The man who literally wrote the book on Sebastian Telfair believes the Celtics are getting a good player at the right time.  



> “Sebastian really wants to be great, and I think that’s important,” O’Connor said. “I’m not saying he’s going to be great, but he does have that desire. His work ethic is as good as anyone.
> 
> “I think he gets it a lot more than his cousin Stephon (Marbury). They had a feud for a long time, and I think Sebastian came into the league wanting to prove he’s the anti-Stephon. He’s not a score-first point guard. It looked to me like he got caught up in some of that with Portland the last two years, but I read his quote in your paper where he said that he really wants to go back to setting up his teammates and making them better. I’m glad he said that.
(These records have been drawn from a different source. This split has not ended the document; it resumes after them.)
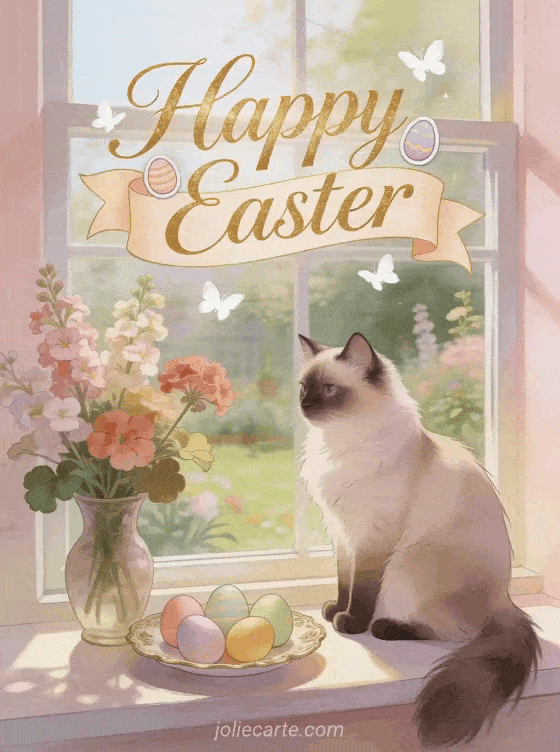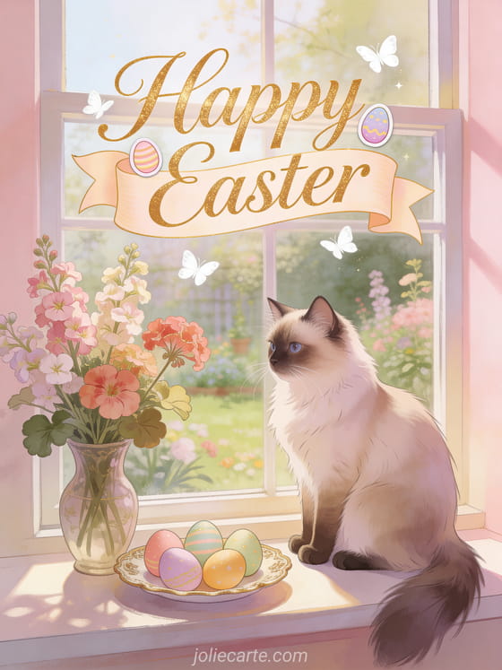 Send this charming virtual Easter card featuring a Birman cat sitting on a windowsill beside a vase of marigolds and geraniums, decorated Easter eggs on a vintage plate, and a spring garden visible through the window. Warm and cozy illustration. Discover also a Easter card, a Easter greeting or a Easter cards collection.
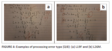 L19F and L26M in their scripts (Figure 4) revealed a lack of comprehension of the equations which led them to commit transformation errors; hence, they could not correctly complete the square on both sides and then solve the problem. L19F used an incorrect coefficient of x as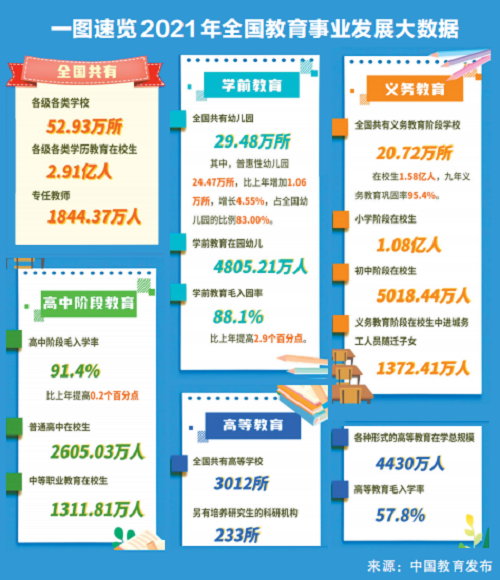 公報指出,2021年是黨和國家歷史上具有里程碑意義的一年。在黨中央、國務院堅強領導下,教育系統堅持以習近平新時代中國特色社會主義思想為指導,全面貫徹黨的十九大和十九屆歷次全會精神,沉著應對百年變局和世紀疫情,積極推進教育事業改革發展,構建新發展格局邁出新步伐,高質量發展取得新成效,實現了“十四五”良好開局。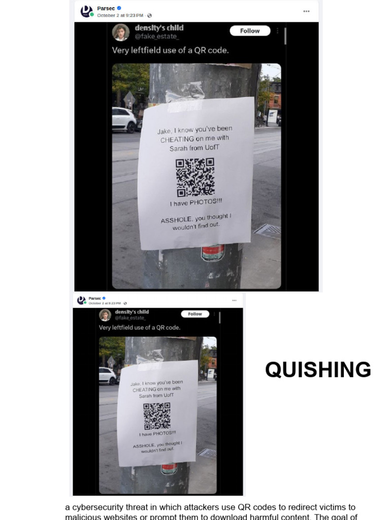 a cybersecurity threat in which attackers use QR codes to redirect victims to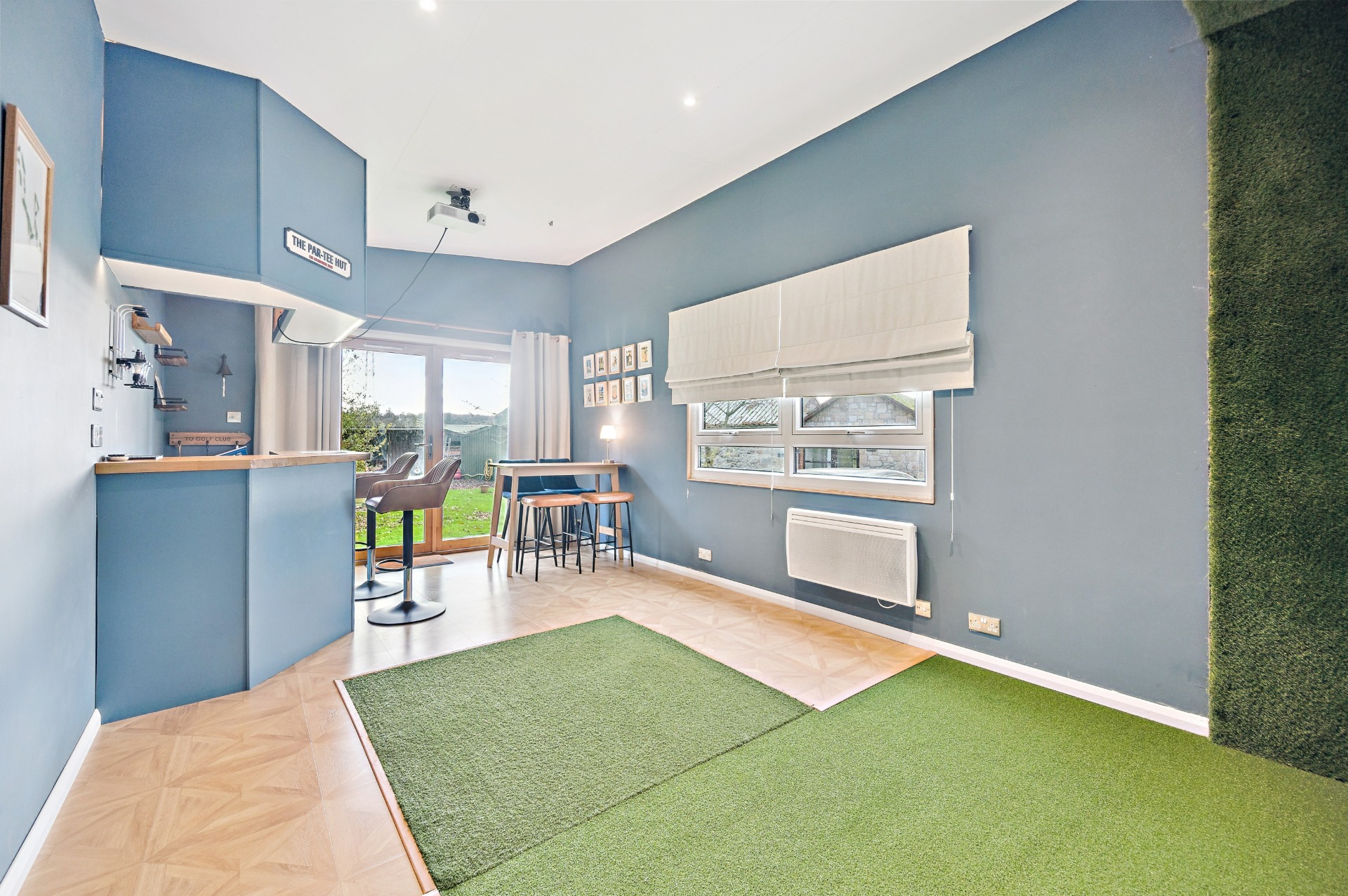 Externally, the property further benefits from a separate outhouse, home to a fully fitted bar and an impressive golf studio complete with projector screen and practice mat—ideal for entertaining or leisure use.

It shows me he’s ready to be the player he can be.
> 
> “I don’t know what happened in Portland where he shot as much as he did. That’s just such a dysfunctional organization. But what Sebastian does best is create for other people. If he sticks with that, he’s going to be one of the best point guards in the league, without question. His speed and ability to change direction on a dime are as good as anyone in the league.”


----------



## Premier (Oct 30, 2003)

I think Telfair has the highest potential on the team.
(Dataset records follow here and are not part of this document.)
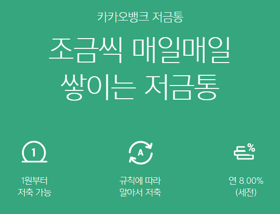 카카오뱅크 저금통은 1원부터 저축이 가능한 예금 상품입니다. 세전 연 8%의 높은 이율을 제공하여 저금을 효율적으로 할 수 있습니다.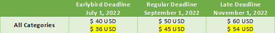 – Submission Fees & Deadlines: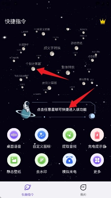 进入软件首页后,界面显示如图。点击任意星球图标即可快速进入对应功能模块,像个税计算器这类功能就可以通过这种方式直接打开。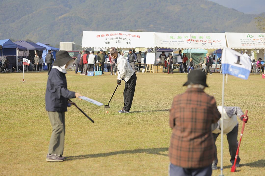 阿南市・海部郡・那賀町のグラウンド・ゴルフ協会から約400名のプレイヤーの皆様がご参加くださり、秋晴れの川のほとりで思い思いにプレイを楽しんでくださいました。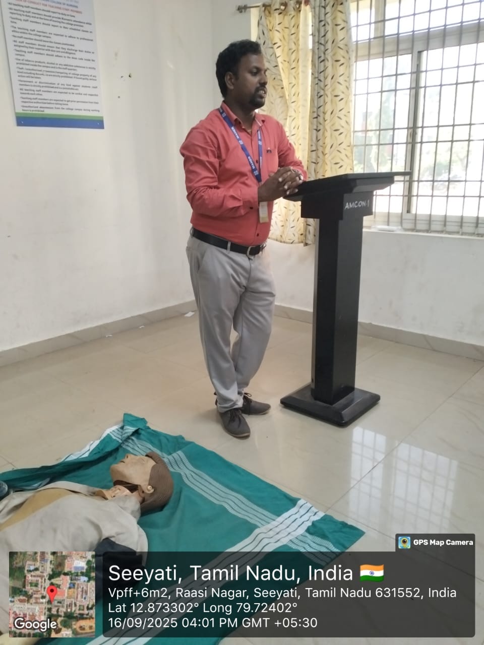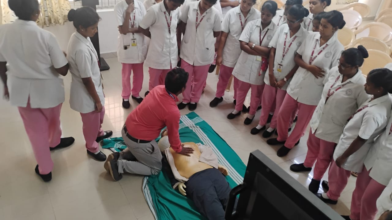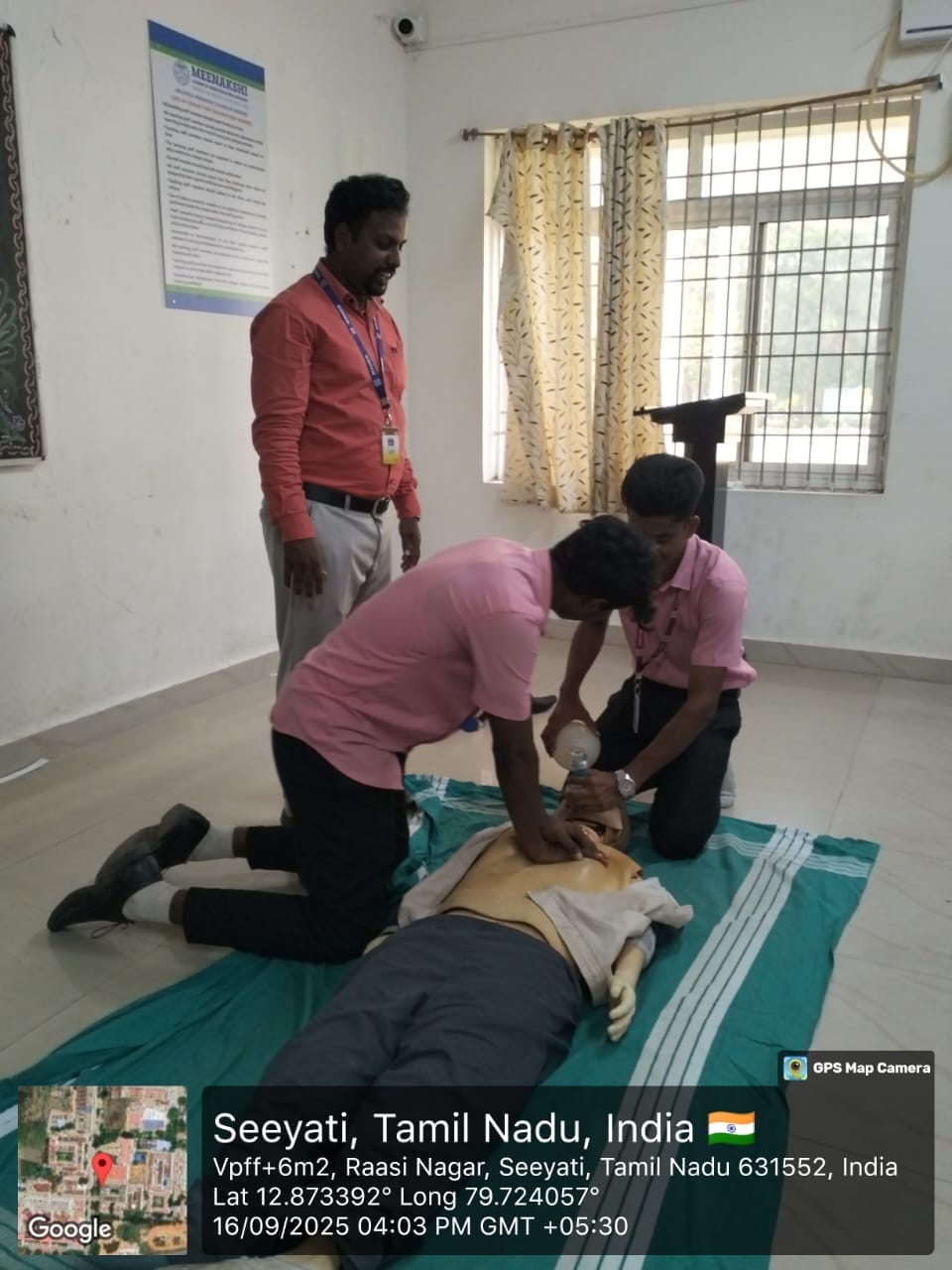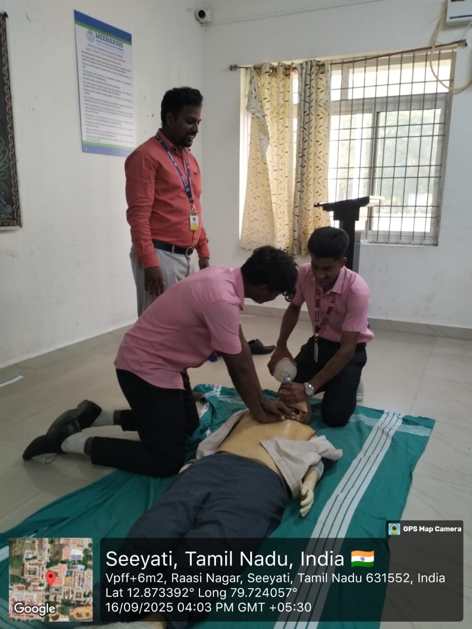 Arulmigu Meenakshi College of Nursing (AMCON) observed the Nationwide Cardiopulmonary Resuscitation (CPR) Awareness Week from 13th to 17th October 2025, organized under the guidance of the Ministry of Health and Family Welfare, Government of India. The initiative aimed to enhance public awareness, preparedness, and the ability to perform CPR, thereby empowering individuals to save lives during cardiac emergencies.

Yes, I am aware of Gerald Green and Al Jefferson.


----------



## AMΣRICAN GOD™ (Jun 4, 2005)

Telfair is the future of this program. When is the last time we had a PLAYER with this much potential? Bird? Pierce? Bassy puts a year or two onto Pierce's career with the ability to bring the ball up the court and distribute it to other players. Usually our PG brings the ball up the court, then gives it to PP who tends to find a way to the basket. Now we have a PG who can pass the ball down to the block, giving Gomes and Perk more touches.

Bassy for president!


----------



## Reidiculous13 (Jun 25, 2006)

bass doing it real big for brooklyn I wanna see him start his era here. Just pray he worked on his jumpshot this year.


----------



## whiteshadow (Dec 22, 2005)

Did someone say Telfair is the future of the future?? Only if you want to be in the lottery next year. He couldn't even start for the pathetic Portland Blazers. Watch the ESPN video on this guy. Go, DAnny Boy, way to ruin a franchise


----------



## Premier (Oct 30, 2003)

whiteshadow said:


> Did someone say Telfair is the future of the future?? Only if you want to be in the lottery next year. He couldn't even start for the pathetic Portland Blazers. Watch the ESPN video on this guy. Go, DAnny Boy, way to ruin a franchise


ok


----------



## mediocre man (Feb 24, 2004)

whiteshadow said:


> Did someone say Telfair is the future of the future?? Only if you want to be in the lottery next year. He couldn't even start for the pathetic Portland Blazers. Watch the ESPN video on this guy. Go, DAnny Boy, way to ruin a franchise




He actually did start for the pathetic Blazers and averaged around 12 and 4. When he hurt his thumb the team won a couple of games with Blake at the point so Nate McMillan who likes veterans left him as the starter. At the end of the season Telfair was once again the best player on the team because he was getting minutes. 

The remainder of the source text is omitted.